GIVEN RECORDS Start Marker
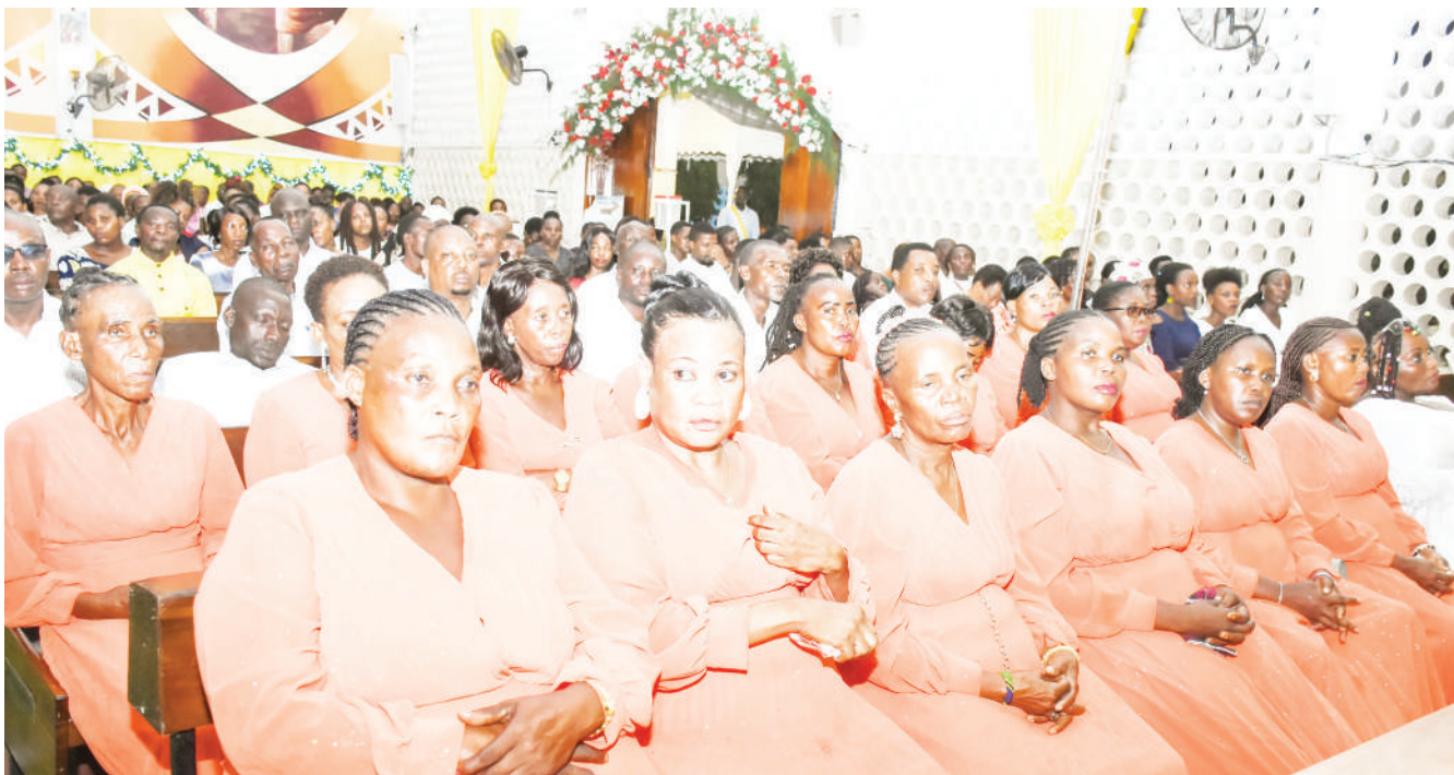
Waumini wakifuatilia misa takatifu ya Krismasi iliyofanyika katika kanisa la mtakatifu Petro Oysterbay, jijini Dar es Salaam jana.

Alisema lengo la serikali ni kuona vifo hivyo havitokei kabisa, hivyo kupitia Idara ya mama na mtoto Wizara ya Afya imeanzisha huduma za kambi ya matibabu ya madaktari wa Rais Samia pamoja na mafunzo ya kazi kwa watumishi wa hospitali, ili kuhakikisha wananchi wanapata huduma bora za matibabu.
GIVEN RECORDS End Marker
GIVEN RECORDS Start Marker
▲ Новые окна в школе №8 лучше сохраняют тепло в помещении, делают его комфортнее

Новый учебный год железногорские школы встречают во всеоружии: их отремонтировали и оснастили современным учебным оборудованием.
GIVEN RECORDS End Marker
**YOUR OBJECTIVE**
Above are the records; print exactly the lines from the line with "делают его комфортнее" to the line with "Новый учебный год", including both, and nothing else.

**SOLUTION TO THE PROBLEM**
▲ Новые окна в школе №8 лучше сохраняют тепло в помещении, делают его комфортнее

Новый учебный год железногорские школы встречают во всеоружии: их отремонтировали и оснастили современным учебным оборудованием.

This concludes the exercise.